Exactly the lines below starting at the line with "[頁數] 中輸入適當頁數。勾選目標功能的核取方塊可限制功能。 ![]()" and ending at the line with "タグ マガジンポケット 試し読みあり" are wanted, with both ends included. Leave out the pictures and add no other lines.

DATASET EXTRACT:
*** Block opens ***

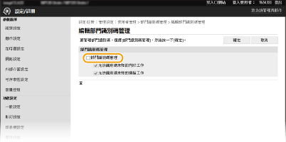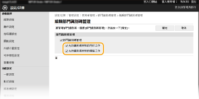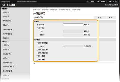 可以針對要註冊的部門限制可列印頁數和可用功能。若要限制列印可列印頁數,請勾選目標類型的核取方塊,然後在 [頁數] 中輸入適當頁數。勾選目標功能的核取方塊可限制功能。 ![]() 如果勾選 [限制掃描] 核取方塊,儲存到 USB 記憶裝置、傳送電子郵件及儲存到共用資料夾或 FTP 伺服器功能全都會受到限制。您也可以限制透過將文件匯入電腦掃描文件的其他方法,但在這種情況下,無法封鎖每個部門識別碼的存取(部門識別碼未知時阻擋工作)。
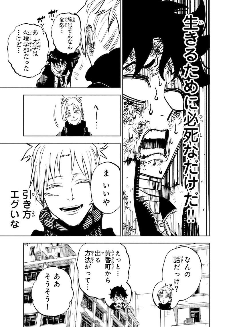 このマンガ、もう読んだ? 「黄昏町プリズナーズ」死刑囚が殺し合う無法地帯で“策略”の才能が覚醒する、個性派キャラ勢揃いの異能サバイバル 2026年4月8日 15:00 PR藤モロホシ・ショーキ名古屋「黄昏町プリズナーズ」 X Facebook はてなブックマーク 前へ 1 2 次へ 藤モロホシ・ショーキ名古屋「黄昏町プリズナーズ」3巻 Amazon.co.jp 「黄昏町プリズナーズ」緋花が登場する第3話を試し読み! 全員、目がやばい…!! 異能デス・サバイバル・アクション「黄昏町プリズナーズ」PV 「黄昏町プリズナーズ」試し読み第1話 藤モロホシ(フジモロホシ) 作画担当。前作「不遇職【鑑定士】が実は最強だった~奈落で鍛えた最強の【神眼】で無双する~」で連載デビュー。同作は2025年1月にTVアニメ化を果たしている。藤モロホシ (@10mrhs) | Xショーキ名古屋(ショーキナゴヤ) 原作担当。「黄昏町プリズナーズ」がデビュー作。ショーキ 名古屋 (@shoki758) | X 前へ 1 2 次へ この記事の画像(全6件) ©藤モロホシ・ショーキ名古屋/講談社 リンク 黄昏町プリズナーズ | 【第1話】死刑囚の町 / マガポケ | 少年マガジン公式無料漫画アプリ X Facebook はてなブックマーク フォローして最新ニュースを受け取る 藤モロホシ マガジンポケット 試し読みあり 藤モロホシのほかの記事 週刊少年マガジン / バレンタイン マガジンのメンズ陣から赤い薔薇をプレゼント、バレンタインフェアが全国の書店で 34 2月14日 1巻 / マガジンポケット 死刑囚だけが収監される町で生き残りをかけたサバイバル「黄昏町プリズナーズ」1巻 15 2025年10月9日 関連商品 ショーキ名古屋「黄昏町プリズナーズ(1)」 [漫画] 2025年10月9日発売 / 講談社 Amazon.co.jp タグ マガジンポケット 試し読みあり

*** Block closes ***
*** Block opens ***

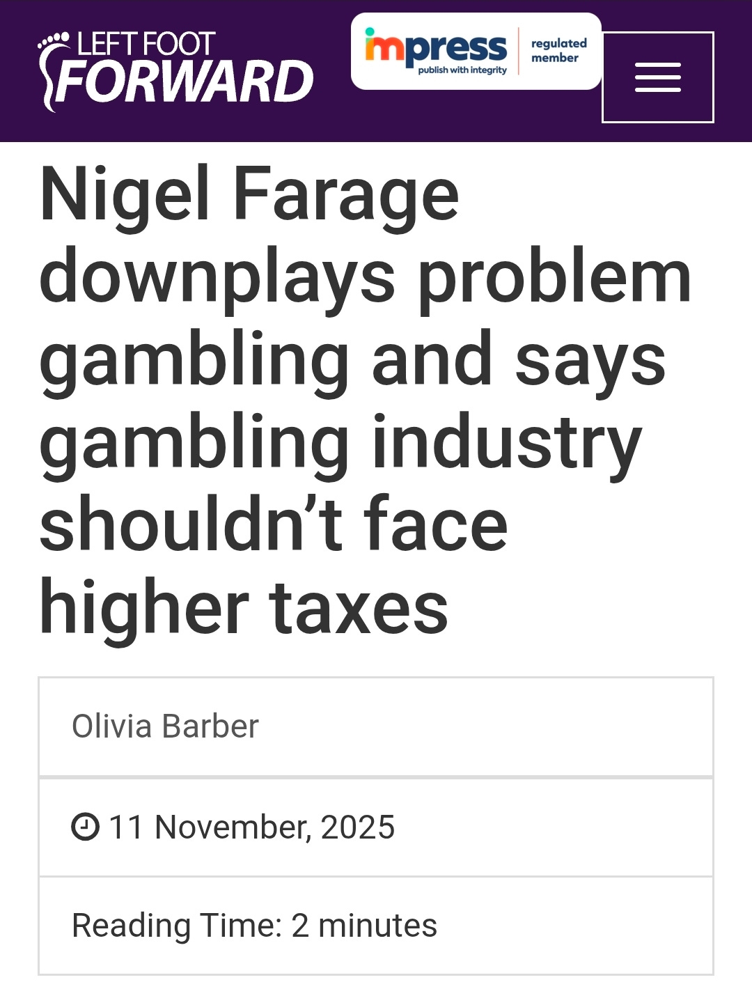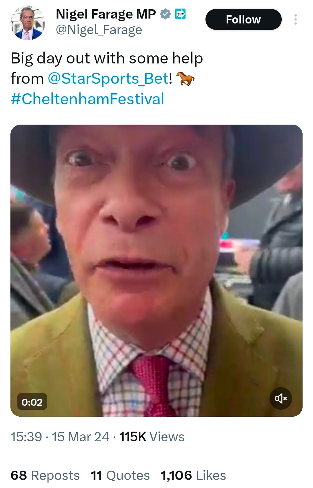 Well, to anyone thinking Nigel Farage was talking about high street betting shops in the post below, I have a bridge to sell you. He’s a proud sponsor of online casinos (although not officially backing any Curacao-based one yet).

*** Block closes ***
*** Block opens ***

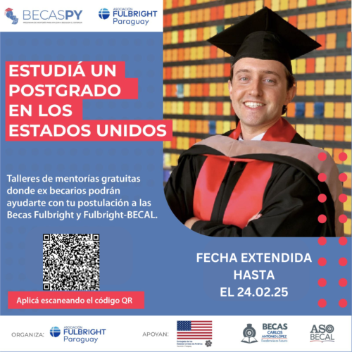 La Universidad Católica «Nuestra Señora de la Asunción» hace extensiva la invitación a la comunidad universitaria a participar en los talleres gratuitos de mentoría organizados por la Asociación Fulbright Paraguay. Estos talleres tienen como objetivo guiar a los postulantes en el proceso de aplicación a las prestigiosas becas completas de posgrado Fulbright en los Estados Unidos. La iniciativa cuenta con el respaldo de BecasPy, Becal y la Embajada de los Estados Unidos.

*** Block closes ***

REPLY TO THE EXERCISE:
 可以針對要註冊的部門限制可列印頁數和可用功能。若要限制列印可列印頁數,請勾選目標類型的核取方塊,然後在 [頁數] 中輸入適當頁數。勾選目標功能的核取方塊可限制功能。 ![]() 如果勾選 [限制掃描] 核取方塊,儲存到 USB 記憶裝置、傳送電子郵件及儲存到共用資料夾或 FTP 伺服器功能全都會受到限制。您也可以限制透過將文件匯入電腦掃描文件的其他方法,但在這種情況下,無法封鎖每個部門識別碼的存取(部門識別碼未知時阻擋工作)。
 このマンガ、もう読んだ? 「黄昏町プリズナーズ」死刑囚が殺し合う無法地帯で“策略”の才能が覚醒する、個性派キャラ勢揃いの異能サバイバル 2026年4月8日 15:00 PR藤モロホシ・ショーキ名古屋「黄昏町プリズナーズ」 X Facebook はてなブックマーク 前へ 1 2 次へ 藤モロホシ・ショーキ名古屋「黄昏町プリズナーズ」3巻 Amazon.co.jp 「黄昏町プリズナーズ」緋花が登場する第3話を試し読み! 全員、目がやばい…!! 異能デス・サバイバル・アクション「黄昏町プリズナーズ」PV 「黄昏町プリズナーズ」試し読み第1話 藤モロホシ(フジモロホシ) 作画担当。前作「不遇職【鑑定士】が実は最強だった~奈落で鍛えた最強の【神眼】で無双する~」で連載デビュー。同作は2025年1月にTVアニメ化を果たしている。藤モロホシ (@10mrhs) | Xショーキ名古屋(ショーキナゴヤ) 原作担当。「黄昏町プリズナーズ」がデビュー作。ショーキ 名古屋 (@shoki758) | X 前へ 1 2 次へ この記事の画像(全6件) ©藤モロホシ・ショーキ名古屋/講談社 リンク 黄昏町プリズナーズ | 【第1話】死刑囚の町 / マガポケ | 少年マガジン公式無料漫画アプリ X Facebook はてなブックマーク フォローして最新ニュースを受け取る 藤モロホシ マガジンポケット 試し読みあり 藤モロホシのほかの記事 週刊少年マガジン / バレンタイン マガジンのメンズ陣から赤い薔薇をプレゼント、バレンタインフェアが全国の書店で 34 2月14日 1巻 / マガジンポケット 死刑囚だけが収監される町で生き残りをかけたサバイバル「黄昏町プリズナーズ」1巻 15 2025年10月9日 関連商品 ショーキ名古屋「黄昏町プリズナーズ(1)」 [漫画] 2025年10月9日発売 / 講談社 Amazon.co.jp タグ マガジンポケット 試し読みあり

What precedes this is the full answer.